Thursday, November 10, 2011

Relationships- Don't take the bad out on the food!

Relationships often play a big part in the kinds of food you eat. They also contribute to how much you eat, and how often you are eating throughout the day. Whether it is double the amount you would normally eat, or a sudden urge to attack that whole chocolate cake on the counter, you can't control your habits because of what is going on in your personal life. You have so many thoughts going on in your mind, and food is there to comfort you.


I know this feeling. I have dealt with this.

Relationships with anyone can cause some madness in your appetite: a relationship with a significant other, co-worker, parent, sibling, etc. These people know your weak spots and sometimes use them to their advantage. These are also people you deal with on a daily basis that know you inside and out. It is hard for you to keep your stress level low because of someone and you bring it home with you.


Right now, I am having trouble with my father. This has been a lifelong struggle with us. However, it was not until recently that I have been able to deal with it in a "better" manner. Rather than screaming and yelling and then going home and wanting fried food or ice cream, I have been able to realize that yes, words do hurt, but I do not have to listen to those words. I do not have to talk to him. I will not let myself go down the road I had been down years ago- I do not need to pick up the phone knowing someone wants to bring me down, and neither do you! Whether it is a parent; significant other; sibling- you do not need the extra stress in your life!
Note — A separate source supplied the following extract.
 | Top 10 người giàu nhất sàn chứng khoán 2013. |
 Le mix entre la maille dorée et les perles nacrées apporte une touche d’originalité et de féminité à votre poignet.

Miserable people like to make everyone else miserable. When someone is not happy with themselves how can they be happy for other people? They cause unnecessary stress and aggravation and it takes a toll on your body and appetite. It took me a long time to realize this, and sometimes I have to remind myself of this. It is not you; it is the person making you this way.


So you are probably wondering: “how do you maintain happiness and sanity when dealing with someone so "toxic"?” For me- sometimes I need to go running to clear my head. Sometimes it just helps to cry or scream. Everyone is different and everyone takes it out differently. Instead of picking up that fork to eat something you would not be eating normally, or not eating anything at all for days at a time, do something physical and think about your true relationship with this person. Are they really there for you or are they there for themselves? Do you get anything positive out of talking to them? Once you figure out what makes you happy it will make it easier to get rid of the things that bring you down. Things that bring you to that place you don't want to go to.
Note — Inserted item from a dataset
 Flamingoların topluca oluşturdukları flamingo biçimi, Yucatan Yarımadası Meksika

Emotions make you do things that you would not otherwise do; such as eating too much, eating too little, or even binging and eating. These give you control of something because you are lacking control in another area of your life. You need to stop and think about what is going on in your life to make you do these things. I can guarantee it is not really your stomach wanting or needing the food or wanting to take those actions. There is a deeper meaning behind things and it is up to you to want to figure them out; by yourself or by talking to someone else.


Don't let someone make you into something you're not. Be the healthiest and happiest that you can be, even if it means ending that relationship!